Membiasakan Anak Berpenampilan Sederhana

Membiasakan Anak Berpenampilan Sederhana dan Melatih Ketahanan Diri

Al-Ghazali dalam ihya’nya mengatakan bahwa seseorang ayah seharusnya tidak membiasakan anaknya hidup mewah dan tidak membiasakan diri sang anak suka berdandan dan berpenampilan mewah dan bersenang-senang, karena akan tersia-sialah usianya untuk mencarinya sehingga binasalah dia selamanya.

Jabir radhiyallahu’anhu telah menceritakan bahwa ketika Ka’bah direnovasi, Nabi Shallallahu ‘alaihi wasallam dan Al-Abbas ikut mengangkut batu-batuan. Al-Abbas menyarankan kepada Nabi untuk meletakkanlah kain beliau pada leher beliau untuk melindungi agar tidak terluka oleh batu.

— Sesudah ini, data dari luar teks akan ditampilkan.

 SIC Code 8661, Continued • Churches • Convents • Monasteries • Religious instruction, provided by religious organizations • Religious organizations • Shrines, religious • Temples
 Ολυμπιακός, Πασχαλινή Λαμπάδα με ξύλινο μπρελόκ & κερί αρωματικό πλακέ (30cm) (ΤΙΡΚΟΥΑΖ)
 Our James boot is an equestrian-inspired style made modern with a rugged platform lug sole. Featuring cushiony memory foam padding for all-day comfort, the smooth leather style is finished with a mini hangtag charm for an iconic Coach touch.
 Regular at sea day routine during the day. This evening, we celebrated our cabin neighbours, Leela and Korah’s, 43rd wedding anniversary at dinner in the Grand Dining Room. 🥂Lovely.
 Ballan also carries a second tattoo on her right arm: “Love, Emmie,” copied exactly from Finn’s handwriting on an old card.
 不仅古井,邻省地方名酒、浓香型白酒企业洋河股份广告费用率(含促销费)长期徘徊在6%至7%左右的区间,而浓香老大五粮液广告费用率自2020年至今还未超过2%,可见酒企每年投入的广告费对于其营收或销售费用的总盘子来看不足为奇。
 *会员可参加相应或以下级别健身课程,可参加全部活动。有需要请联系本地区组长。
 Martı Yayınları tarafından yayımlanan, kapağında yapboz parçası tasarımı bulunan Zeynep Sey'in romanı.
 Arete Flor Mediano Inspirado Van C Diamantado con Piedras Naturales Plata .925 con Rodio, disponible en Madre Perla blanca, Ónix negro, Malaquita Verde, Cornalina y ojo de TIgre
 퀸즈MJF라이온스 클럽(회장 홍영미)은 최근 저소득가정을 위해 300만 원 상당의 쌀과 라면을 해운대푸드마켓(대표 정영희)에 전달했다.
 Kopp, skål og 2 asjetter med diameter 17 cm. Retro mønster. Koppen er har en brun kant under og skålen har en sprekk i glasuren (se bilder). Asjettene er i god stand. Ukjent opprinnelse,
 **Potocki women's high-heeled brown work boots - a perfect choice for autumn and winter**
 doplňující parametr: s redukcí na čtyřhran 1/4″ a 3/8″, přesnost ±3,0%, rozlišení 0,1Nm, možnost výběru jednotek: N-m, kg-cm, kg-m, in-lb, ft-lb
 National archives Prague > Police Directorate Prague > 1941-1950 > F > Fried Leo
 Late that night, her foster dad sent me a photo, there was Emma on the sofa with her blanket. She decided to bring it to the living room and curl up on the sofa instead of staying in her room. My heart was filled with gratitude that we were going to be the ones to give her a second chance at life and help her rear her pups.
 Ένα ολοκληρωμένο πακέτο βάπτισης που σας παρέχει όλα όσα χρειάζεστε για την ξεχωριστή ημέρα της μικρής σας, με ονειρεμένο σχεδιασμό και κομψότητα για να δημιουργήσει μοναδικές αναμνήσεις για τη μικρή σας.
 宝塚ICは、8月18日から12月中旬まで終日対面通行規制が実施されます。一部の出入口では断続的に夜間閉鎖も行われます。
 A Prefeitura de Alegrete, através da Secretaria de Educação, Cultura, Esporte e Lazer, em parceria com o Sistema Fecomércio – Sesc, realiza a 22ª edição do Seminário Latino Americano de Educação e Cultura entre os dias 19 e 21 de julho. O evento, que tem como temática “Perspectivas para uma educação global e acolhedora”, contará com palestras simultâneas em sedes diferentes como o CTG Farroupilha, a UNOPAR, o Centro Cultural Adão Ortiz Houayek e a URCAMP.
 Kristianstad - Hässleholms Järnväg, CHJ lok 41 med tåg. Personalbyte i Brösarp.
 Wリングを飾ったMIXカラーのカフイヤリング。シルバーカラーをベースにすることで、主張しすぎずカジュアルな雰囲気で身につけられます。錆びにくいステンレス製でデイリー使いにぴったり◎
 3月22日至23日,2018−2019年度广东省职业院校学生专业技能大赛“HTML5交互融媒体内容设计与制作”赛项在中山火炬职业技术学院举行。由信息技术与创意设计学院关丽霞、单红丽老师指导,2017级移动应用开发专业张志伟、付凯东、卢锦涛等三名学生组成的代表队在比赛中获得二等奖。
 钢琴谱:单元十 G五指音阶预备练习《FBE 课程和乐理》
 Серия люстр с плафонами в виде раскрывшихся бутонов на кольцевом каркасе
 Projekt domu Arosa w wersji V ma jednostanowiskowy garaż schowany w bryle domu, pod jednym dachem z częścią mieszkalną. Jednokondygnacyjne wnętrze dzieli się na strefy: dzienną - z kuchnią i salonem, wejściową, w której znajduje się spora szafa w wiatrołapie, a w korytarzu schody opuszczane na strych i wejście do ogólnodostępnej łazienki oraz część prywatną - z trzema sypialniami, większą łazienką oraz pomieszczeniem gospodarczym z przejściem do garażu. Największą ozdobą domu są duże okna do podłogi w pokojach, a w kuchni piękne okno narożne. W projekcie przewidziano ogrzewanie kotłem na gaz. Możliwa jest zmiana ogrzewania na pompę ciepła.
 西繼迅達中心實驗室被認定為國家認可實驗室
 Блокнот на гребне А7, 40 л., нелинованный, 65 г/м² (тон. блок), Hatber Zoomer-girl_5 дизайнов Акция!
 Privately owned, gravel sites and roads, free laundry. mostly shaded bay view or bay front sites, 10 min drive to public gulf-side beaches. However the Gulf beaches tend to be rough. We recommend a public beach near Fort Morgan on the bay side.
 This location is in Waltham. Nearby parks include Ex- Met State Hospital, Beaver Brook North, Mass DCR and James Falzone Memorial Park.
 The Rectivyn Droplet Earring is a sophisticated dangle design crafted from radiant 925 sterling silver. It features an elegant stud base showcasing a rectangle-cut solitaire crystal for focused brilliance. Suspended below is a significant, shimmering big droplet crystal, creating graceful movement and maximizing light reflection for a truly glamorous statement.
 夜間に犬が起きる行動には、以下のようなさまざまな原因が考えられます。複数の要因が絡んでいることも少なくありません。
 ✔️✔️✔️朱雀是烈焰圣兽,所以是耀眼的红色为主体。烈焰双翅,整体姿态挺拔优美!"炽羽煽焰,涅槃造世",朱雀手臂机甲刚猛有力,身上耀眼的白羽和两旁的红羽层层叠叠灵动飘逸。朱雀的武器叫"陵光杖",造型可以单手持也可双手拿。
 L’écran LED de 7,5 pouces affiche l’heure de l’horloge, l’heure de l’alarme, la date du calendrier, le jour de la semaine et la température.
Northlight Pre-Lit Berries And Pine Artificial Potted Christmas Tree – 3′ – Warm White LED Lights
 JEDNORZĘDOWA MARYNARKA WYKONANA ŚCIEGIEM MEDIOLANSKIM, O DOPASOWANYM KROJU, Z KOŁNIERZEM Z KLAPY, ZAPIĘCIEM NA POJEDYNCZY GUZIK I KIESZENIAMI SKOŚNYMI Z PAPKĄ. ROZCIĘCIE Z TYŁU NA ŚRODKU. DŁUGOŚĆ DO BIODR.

Maka saat itu juga Nabi Shallallahu ‘alaihi wasallam membungkukkan punggungnya dan menengadahkan kepalanya seraya berkata, “Kalungkanlah kainku!” Al-Abbas pun  mengikatkan kain pada leher beliau. Peristiwa ini terjadi saat Rasulullah Shallallahu ‘alaihi wasallam masih berusia muda.

Nabi Shallallahu ‘alaihi wasallam pernah pula menggembalakan ternak kambing, dan beliau telah bersabda,

“Tidaklah sekali-kali Allah mengutus seorang Nabi melainkan pernah menggembalakan kambing.” Para sahabat bertanya, ‘Dan juga engkau?’ Beliau menjawab, ‘Ya. Dahulu aku pernah menggembalakan ternak kambing milik penduduk Makkah dengan imbalan beberapa qirath’”. (HR. Bukhari No. 2102).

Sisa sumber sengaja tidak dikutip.